# Task brief
One number is the whole answer: how many lines of the material hold "pieza".

# Material to process
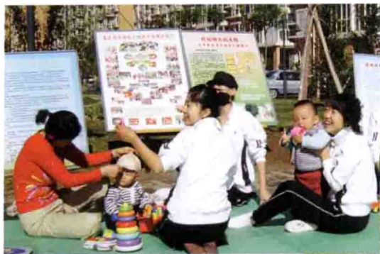
北京军区司令部幼儿园走进社区开展早教咨询活动
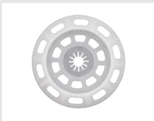
Eurocódigo 057655 ARANDELA DE PLÁSTICO D90 MM PARA ISO / ISOPLUS
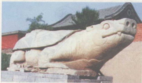
赑屃残碑基座，河北正定出土。

由于龙之九子有诸多不同说法，因而细数起来，列在龙子名下的就不只是“九”了，数目要远多于此；而且关于它们的“所好”，因异名而略有出入。其中，影响较大而常见的，有如下这些：
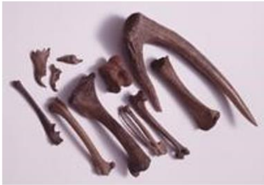
(شكل 21) بقايا عظام حيوانات

https://sannaimaruyama.pref.aomori.jp/english/about/north-valley
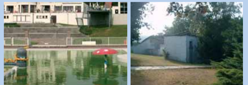
Hoe kan de gemeente De Warande weer interessant maken voor zijn inwoners? U beslist!

Er moet dus een referendum komen over de toekomst van het openluchtzwembad de Warande. "De inwoners moeten zelf kunnen beslissen waar het met hun zwembad naartoe gaat", aldus Govaert.
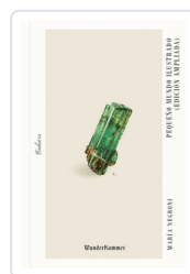
PEQUEÑO MUNDO ILUSTRADO N/EA NEGRONI, MARIA
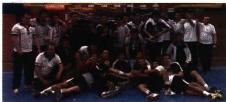
MODALIDADES // GINÁSIO DE SANTO TIRSO
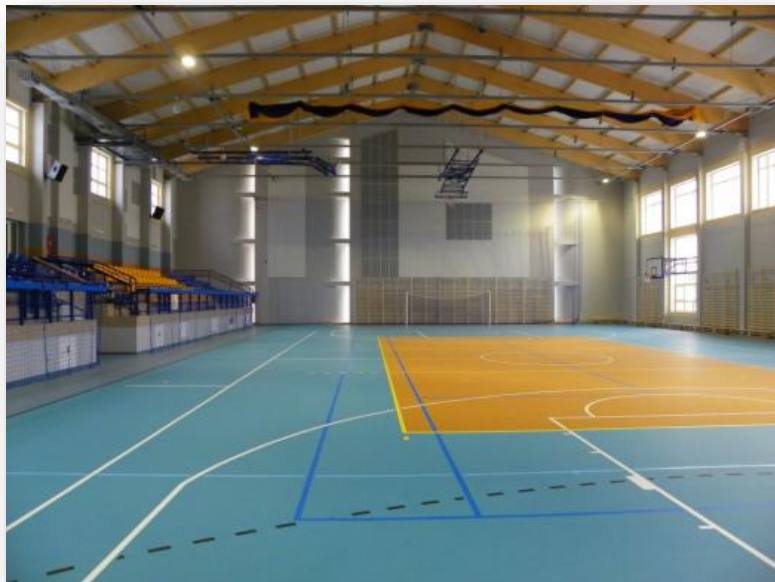
RYSUNEK 3. HALA WIDOWISKOWO-SPORTOWA W LUBASZU (1)

Hala oferuje możliwość organizacji imprez artystycznych: wystaw, konkursów, występów instrumentalno-wokalnych, itp.
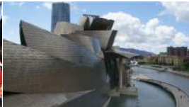
(http://fr.canoe.ca/voyages/galer Ces musées qui sont eux- mêmes des oeuvres d'art (http://fr.canoe.ca/voyages/galer
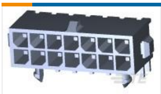
TE 产品编号4-794618-4 14P MICRO MNL ASSY R/A HDR LF
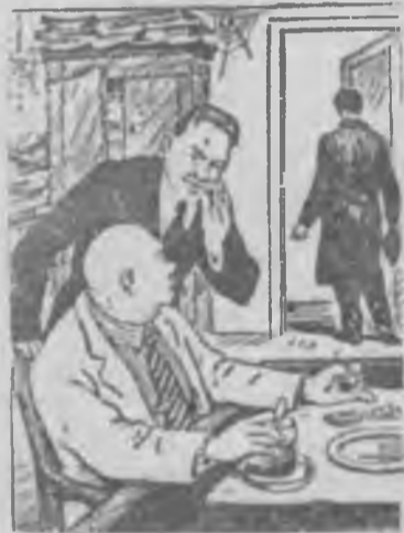
На словах-то БРИЗ ЕГРЭС. Всем понятно, за прогресс. Но на деле, во сто крат БРИЗ ЕГРЭСа бюрократ.
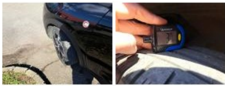
Pneu ARG, Hors tolérance, E - Remplacer
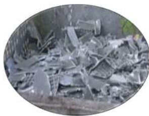
● コンテナボックス ●
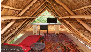
MLS Vallarta Nayari Compostela
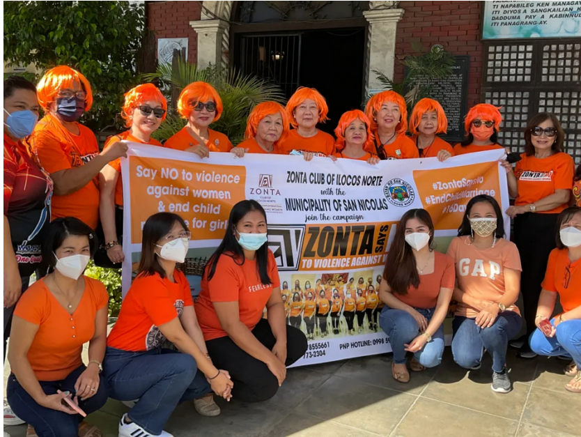
Zonta oranges the World, auch in San Nicolas, Philippinen.

Aktueller Bericht von UN Women zeigt enormes Ausmaß
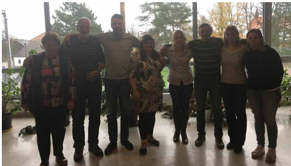
Společné foto.

KD byl uveden do provozu v r. 1980, a pokud od té doby v prostorách, které využívá ICaKK, v rámci stavebního řízení neproběhly žádné další stavební úpravy, je „de jure,
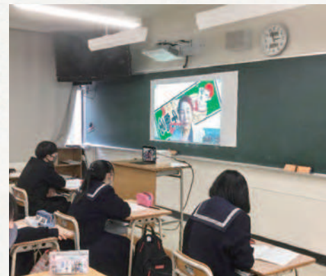
リモートによる上野千鶴子氏講演会 (東京大学名誉教授)
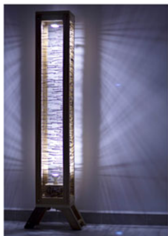
"Epal, lámpara de pie", Apaletarte, 2014 (pieza seleccionada Reciclar Arte 2014)

(Arriba) "Línea basura", Cuca Santurino, 2011 (pieza seleccionada Reciclar Arte 2013)
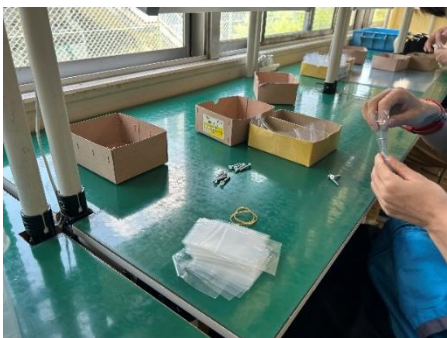
ネジの袋詰め作業
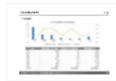
日系自動車メーカー8社のサプライチェーンに関する動向調査
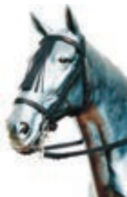
VAQUERA C/AHOGADERO NEGRA COD:9260060
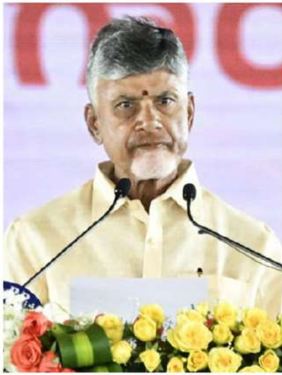
ఆంధ్రప్రదేశ్ నూతన ముఖ్యమంత్రిగా ప్రమాణస్వీకారం చేసిన నారా చంద్రబాబునాయుడు
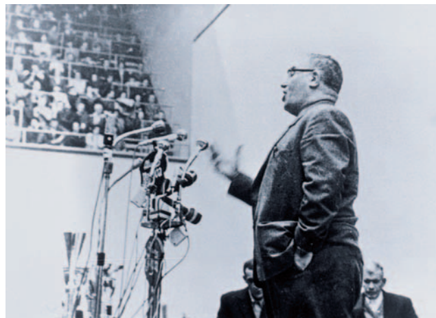
Bertsolariak Anoetan. 1968

Baina horrelako neurketetan ohikoa denez, kritika eta esamesa asko izan zen ondorengo

# Result of this exercise
2